Overlooked Dimension

   

A LONG OVERLOOKED DIMENSION OF THE HOLOCAUST:
THE POLISH JEWS IN RUSSIA

Escape via Siberia

By Dorit Whiteman

Thousands of desperate Polish Jews sought refuge from the Nazis in Russia in 1939, only to be just as persecuted by the Russians as they had been by the Nazis.  When Polish Jews reached Russian occupied territory via various tortured routes, they then were deported to Siberia.  Among these deportees was an eleven-year-old boy named Lonek.

Like many other Polish Jews who survived life on the run during WW II, Lonek's suspenseful saga was filled with many twists and turns that could only be fully understood in hindsight. For example, Lonek's devastating deportation from Russian-occupied Lvov to Siberia really turned out to be a "blessing" in disguise. How so? Only because he was deported to Siberia did Lonek narrowly miss the invasion of Lvov by the Germans, who massacred all of Lvov's Jews.  

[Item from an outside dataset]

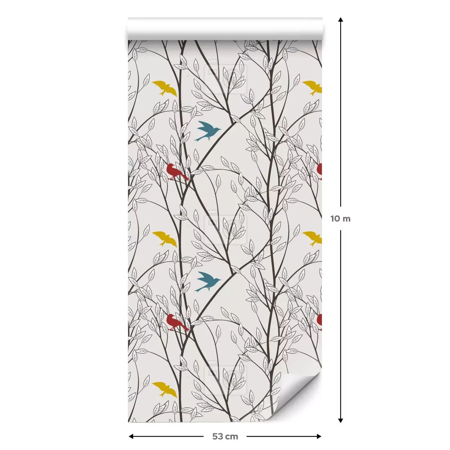 Eine Standard-Tapetenrolle hat die Maße 0,53 m x 10 m und deckt eine Wandfläche von etwa 5 m² ab.

After enduring several years in a Siberian labor camp, Lonek joined the "Teheran Children." The Teheran Children were Jewish orphans who were, through ingenious means, rescued from Russia during the middle of World War II largely through the determined efforts of a small group of Hadassah women. Typical of the Teheran Children, Lonek covered tens of thousands of miles of war-torn terrain during his flight to freedom by foot, horse driven carts, rickety cattle trains and leaky ships that traversed heavily mined seas.

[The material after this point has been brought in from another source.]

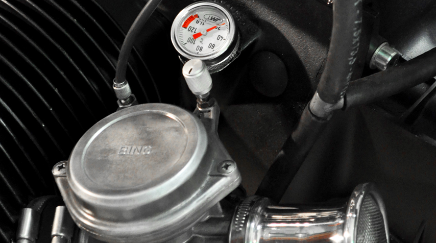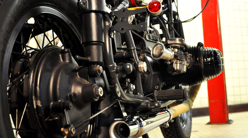 We agreed on installing a 800cc boxer engine into this frame. But we changed the whole ignition system by a TCI/CDI one. Just for the fun of it…

The fates of the Polish Jews in Russia often hinged upon unseen political power plays. For example, during frequent international negotiations over the borders of Eastern European countries during World War II, a single line drawn down a map by a bureaucrat could instantly hermetically seal thousands of hapless Jews within hostile countries, and occasionally open escape routes for others.  A seemingly innocuous split-second decision made by an escapee, or a small act of inventiveness or resourcefulness by an escapee often made the difference in unforeseeable ways between life and death.

Through various combinations of luck, will and wile, many of the Polish Jews who fled to Russia did miraculously survive World War II.